> _ABOUT THIS TASK_
Begin your copy at the line holding "LDX-2, shown smaller than actual size." and end it at the last line of the listing. Keep every line exact and leave out the pictures.

*** Opening RECORDS ***

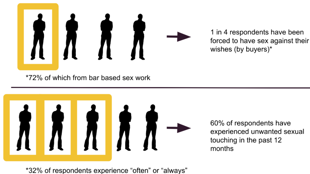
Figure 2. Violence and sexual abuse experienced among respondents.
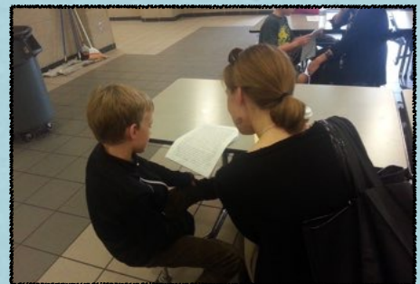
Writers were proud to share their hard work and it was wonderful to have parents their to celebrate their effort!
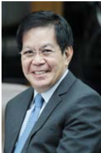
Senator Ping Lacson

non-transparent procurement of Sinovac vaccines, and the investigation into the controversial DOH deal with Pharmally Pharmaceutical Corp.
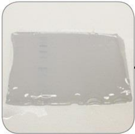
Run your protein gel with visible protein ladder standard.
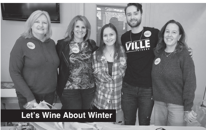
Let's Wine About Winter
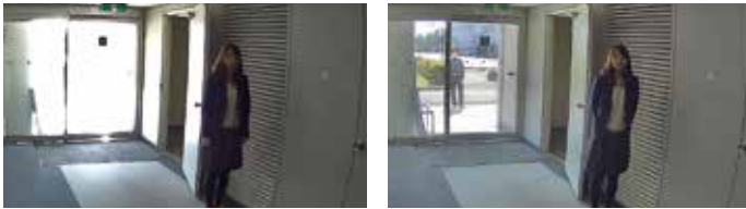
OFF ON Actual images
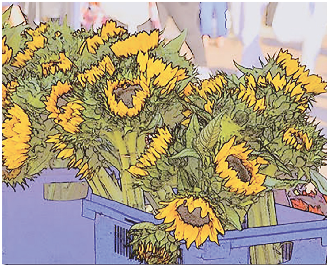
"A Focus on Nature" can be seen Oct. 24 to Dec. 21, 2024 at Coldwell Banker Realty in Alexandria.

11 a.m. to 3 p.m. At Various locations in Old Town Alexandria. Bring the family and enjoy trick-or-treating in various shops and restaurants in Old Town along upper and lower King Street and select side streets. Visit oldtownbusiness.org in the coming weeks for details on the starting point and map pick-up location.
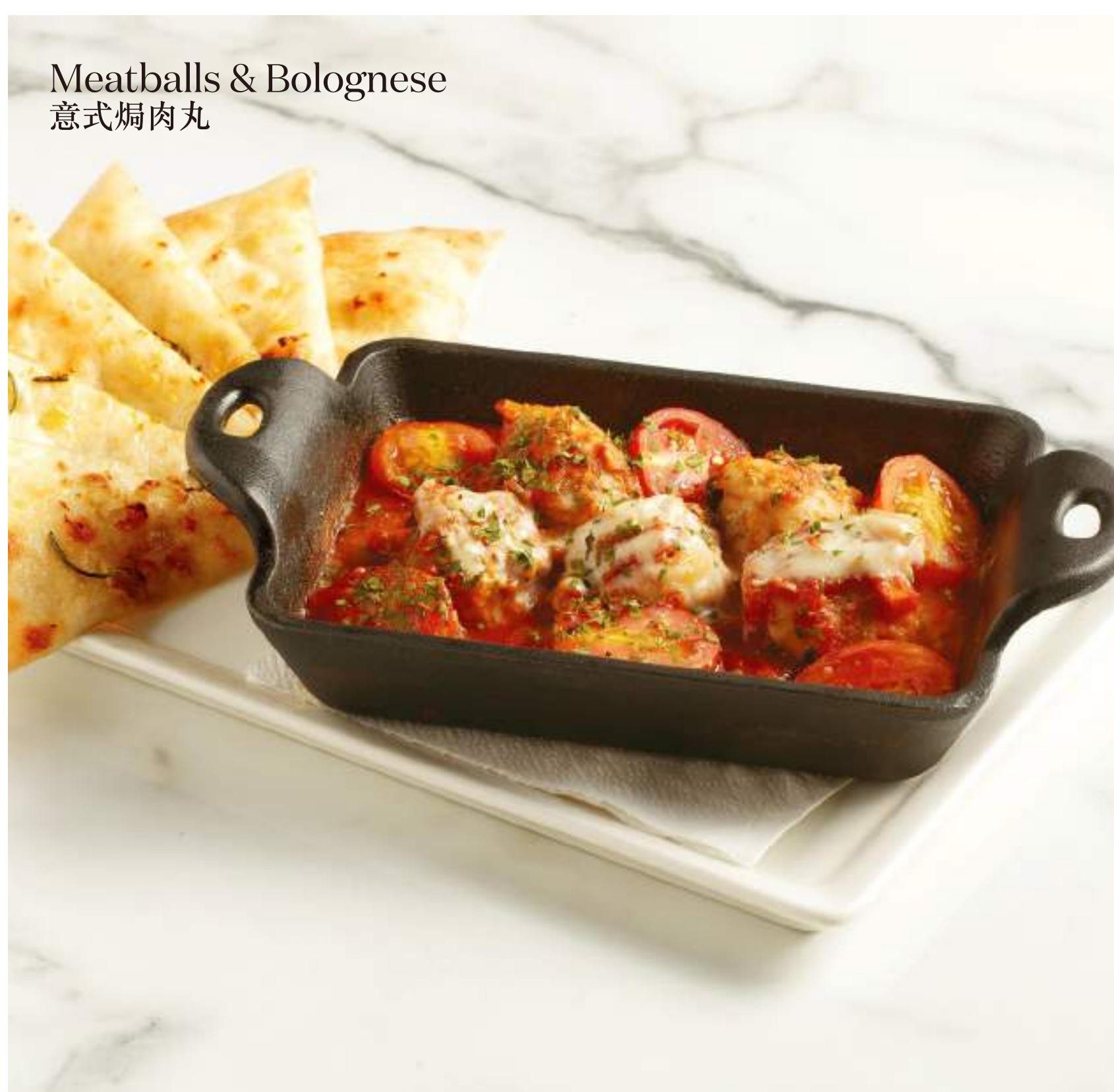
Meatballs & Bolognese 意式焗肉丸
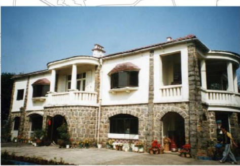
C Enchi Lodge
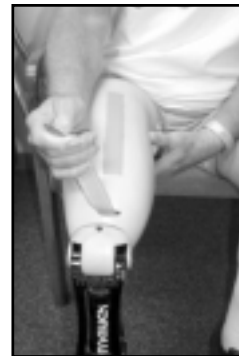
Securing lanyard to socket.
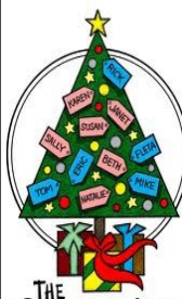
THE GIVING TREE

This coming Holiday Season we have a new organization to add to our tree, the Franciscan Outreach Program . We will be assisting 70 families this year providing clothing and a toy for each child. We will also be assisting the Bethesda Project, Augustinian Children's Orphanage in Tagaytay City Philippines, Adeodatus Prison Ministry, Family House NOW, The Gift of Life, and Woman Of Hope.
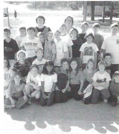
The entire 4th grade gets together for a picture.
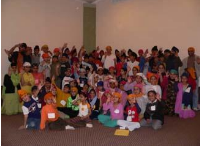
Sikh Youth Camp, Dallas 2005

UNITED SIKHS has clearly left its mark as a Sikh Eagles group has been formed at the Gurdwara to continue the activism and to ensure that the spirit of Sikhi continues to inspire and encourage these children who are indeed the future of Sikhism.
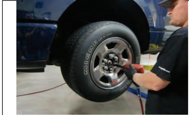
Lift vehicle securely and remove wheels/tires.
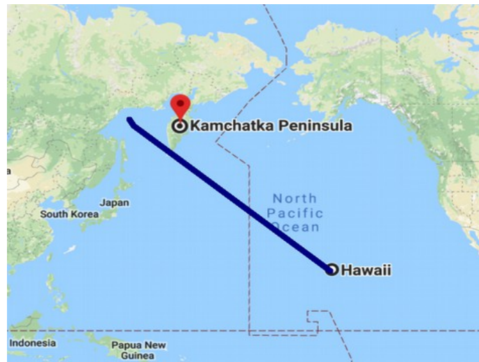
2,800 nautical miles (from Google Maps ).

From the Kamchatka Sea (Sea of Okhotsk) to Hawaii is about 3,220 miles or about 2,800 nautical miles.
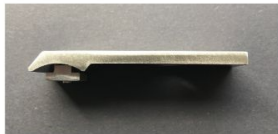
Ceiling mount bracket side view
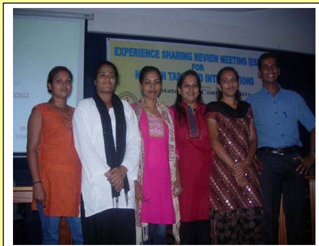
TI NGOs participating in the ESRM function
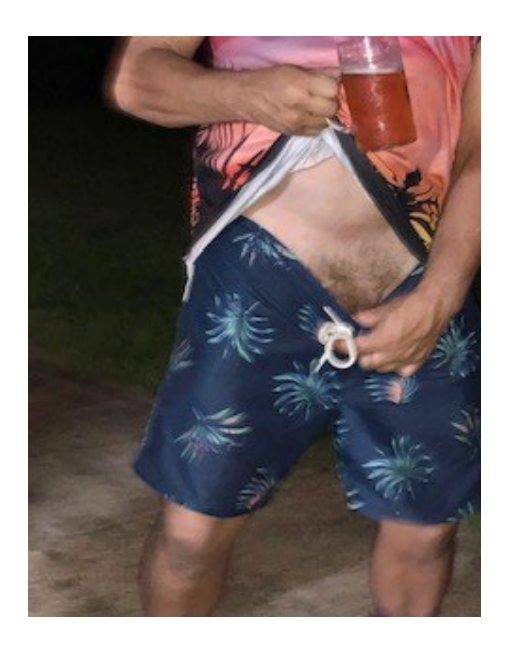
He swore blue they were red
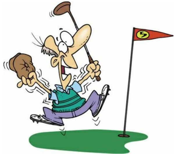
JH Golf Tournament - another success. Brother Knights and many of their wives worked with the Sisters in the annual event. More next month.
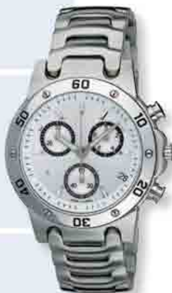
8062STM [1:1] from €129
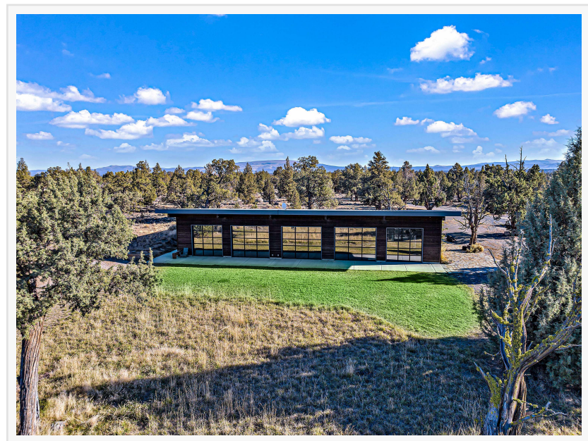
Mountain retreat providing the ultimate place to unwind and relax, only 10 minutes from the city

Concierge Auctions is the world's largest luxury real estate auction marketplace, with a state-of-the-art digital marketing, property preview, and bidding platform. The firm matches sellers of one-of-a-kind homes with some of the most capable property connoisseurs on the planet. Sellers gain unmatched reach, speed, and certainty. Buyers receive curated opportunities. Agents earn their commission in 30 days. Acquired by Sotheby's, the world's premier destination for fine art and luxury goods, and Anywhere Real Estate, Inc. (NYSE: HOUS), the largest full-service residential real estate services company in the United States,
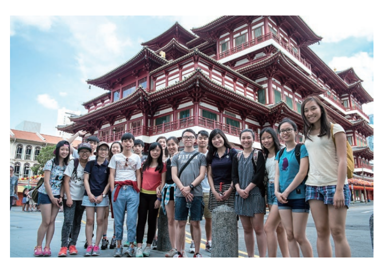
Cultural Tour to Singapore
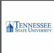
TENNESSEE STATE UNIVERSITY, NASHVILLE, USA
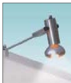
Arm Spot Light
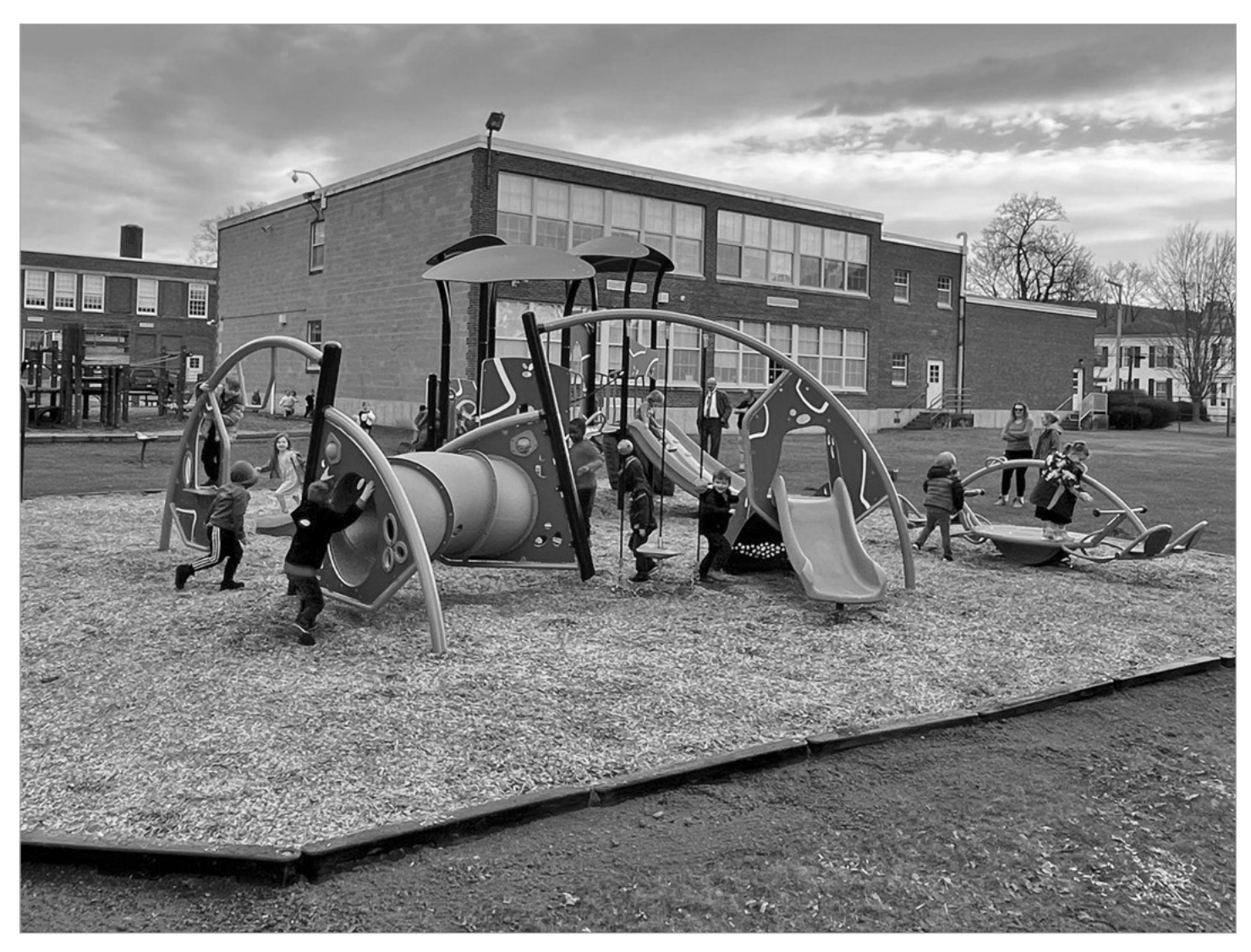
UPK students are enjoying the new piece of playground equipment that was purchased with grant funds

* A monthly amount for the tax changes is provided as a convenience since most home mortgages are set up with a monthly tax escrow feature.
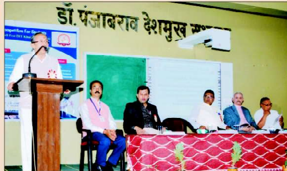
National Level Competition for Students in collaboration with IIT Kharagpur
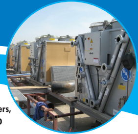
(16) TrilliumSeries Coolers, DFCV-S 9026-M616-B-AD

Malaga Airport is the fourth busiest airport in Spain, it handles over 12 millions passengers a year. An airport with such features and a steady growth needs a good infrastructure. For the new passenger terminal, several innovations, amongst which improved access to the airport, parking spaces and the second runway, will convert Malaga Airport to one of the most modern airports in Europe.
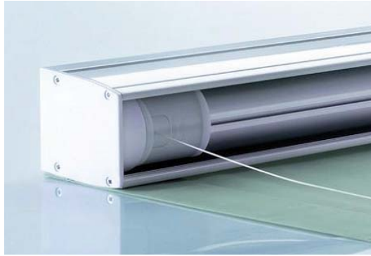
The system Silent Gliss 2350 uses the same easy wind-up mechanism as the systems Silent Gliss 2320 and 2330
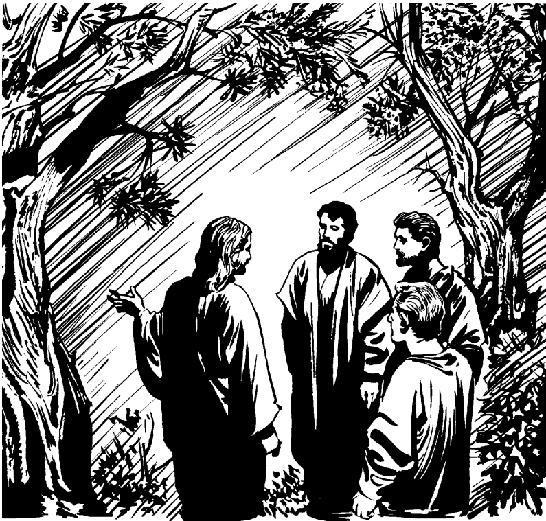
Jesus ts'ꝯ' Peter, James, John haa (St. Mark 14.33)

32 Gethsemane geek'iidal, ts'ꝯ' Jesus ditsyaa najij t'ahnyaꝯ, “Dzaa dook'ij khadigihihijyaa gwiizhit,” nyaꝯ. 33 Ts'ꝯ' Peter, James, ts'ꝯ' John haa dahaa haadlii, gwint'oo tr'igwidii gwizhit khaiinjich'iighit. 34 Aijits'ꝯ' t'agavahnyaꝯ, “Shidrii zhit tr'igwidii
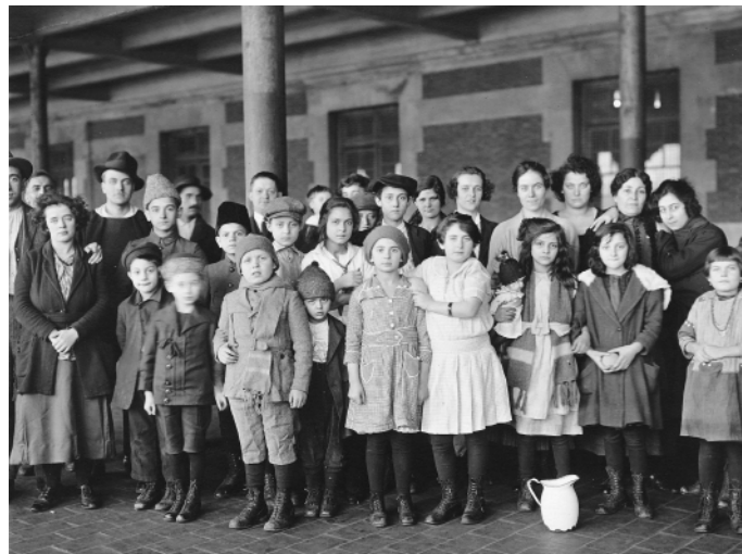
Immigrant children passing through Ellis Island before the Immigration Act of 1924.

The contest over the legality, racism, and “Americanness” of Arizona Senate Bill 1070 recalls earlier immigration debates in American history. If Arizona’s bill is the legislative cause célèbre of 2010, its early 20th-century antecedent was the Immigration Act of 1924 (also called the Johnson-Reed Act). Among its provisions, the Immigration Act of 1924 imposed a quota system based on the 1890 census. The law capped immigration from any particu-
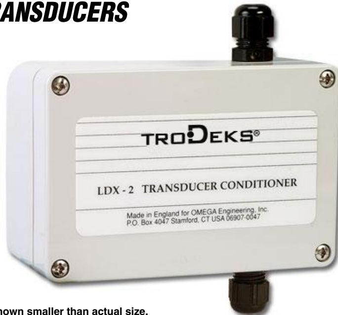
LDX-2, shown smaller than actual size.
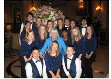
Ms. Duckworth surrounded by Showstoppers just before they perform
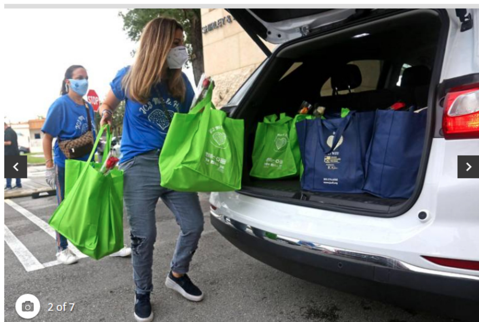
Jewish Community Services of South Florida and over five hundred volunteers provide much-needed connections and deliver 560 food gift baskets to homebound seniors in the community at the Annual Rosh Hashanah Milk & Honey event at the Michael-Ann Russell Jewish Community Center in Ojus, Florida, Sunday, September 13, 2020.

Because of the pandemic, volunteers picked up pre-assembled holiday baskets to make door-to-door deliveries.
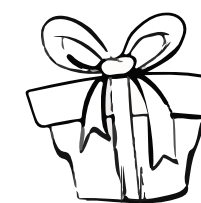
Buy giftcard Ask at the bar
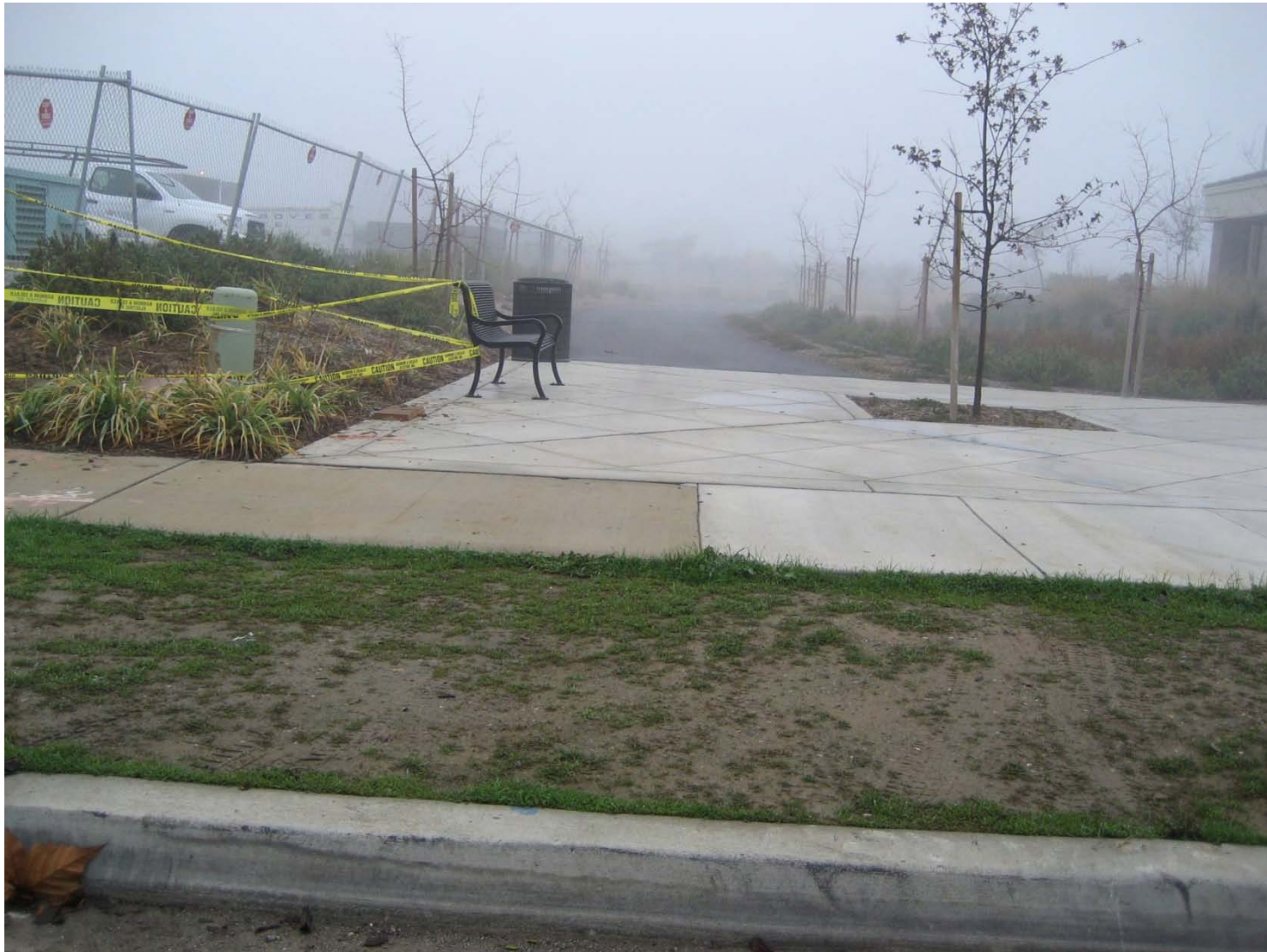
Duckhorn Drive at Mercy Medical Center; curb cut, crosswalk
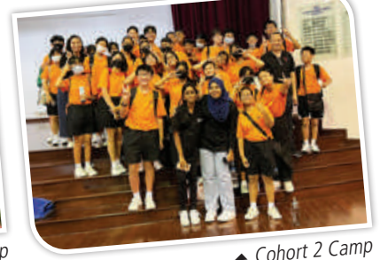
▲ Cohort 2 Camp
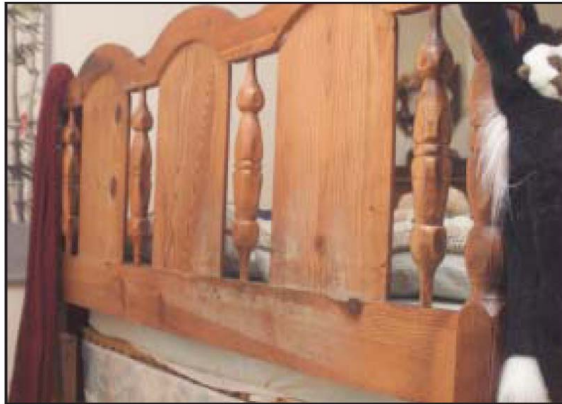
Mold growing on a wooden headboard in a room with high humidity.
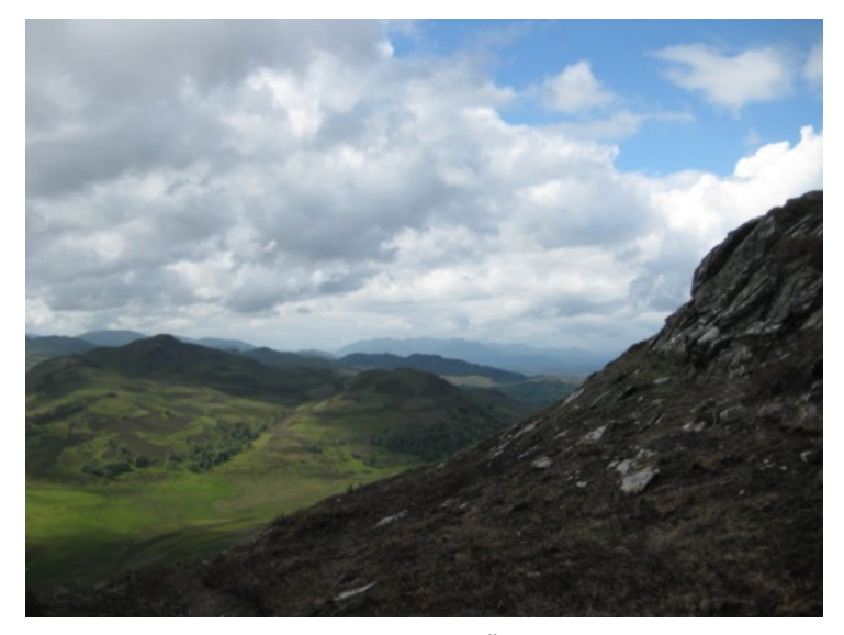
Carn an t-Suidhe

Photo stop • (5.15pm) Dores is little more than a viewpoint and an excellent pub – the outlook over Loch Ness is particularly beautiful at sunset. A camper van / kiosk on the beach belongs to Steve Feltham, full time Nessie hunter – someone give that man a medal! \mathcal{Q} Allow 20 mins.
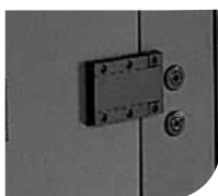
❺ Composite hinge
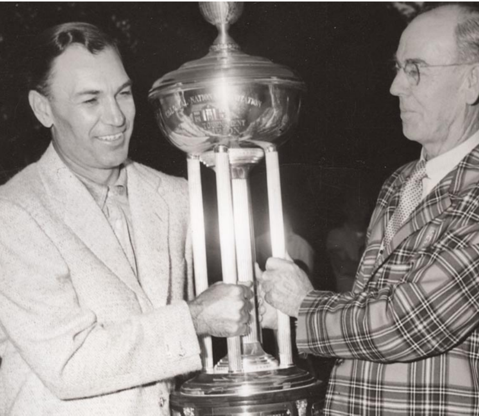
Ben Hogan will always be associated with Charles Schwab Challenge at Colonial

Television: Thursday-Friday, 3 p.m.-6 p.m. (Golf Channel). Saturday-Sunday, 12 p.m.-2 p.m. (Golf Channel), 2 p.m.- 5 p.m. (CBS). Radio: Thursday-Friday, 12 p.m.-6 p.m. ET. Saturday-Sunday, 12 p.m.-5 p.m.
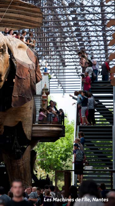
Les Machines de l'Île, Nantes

*** Closing RECORDS ***

> _REPLY TO THE EXERCISE_
LDX-2, shown smaller than actual size.
Ms. Duckworth surrounded by Showstoppers just before they perform
Jewish Community Services of South Florida and over five hundred volunteers provide much-needed connections and deliver 560 food gift baskets to homebound seniors in the community at the Annual Rosh Hashanah Milk & Honey event at the Michael-Ann Russell Jewish Community Center in Ojus, Florida, Sunday, September 13, 2020.

Because of the pandemic, volunteers picked up pre-assembled holiday baskets to make door-to-door deliveries.
Buy giftcard Ask at the bar
Duckhorn Drive at Mercy Medical Center; curb cut, crosswalk
▲ Cohort 2 Camp
Mold growing on a wooden headboard in a room with high humidity.
Carn an t-Suidhe

Photo stop • (5.15pm) Dores is little more than a viewpoint and an excellent pub – the outlook over Loch Ness is particularly beautiful at sunset. A camper van / kiosk on the beach belongs to Steve Feltham, full time Nessie hunter – someone give that man a medal! \mathcal{Q} Allow 20 mins.
❺ Composite hinge
Ben Hogan will always be associated with Charles Schwab Challenge at Colonial

Television: Thursday-Friday, 3 p.m.-6 p.m. (Golf Channel). Saturday-Sunday, 12 p.m.-2 p.m. (Golf Channel), 2 p.m.- 5 p.m. (CBS). Radio: Thursday-Friday, 12 p.m.-6 p.m. ET. Saturday-Sunday, 12 p.m.-5 p.m.
Les Machines de l'Île, Nantes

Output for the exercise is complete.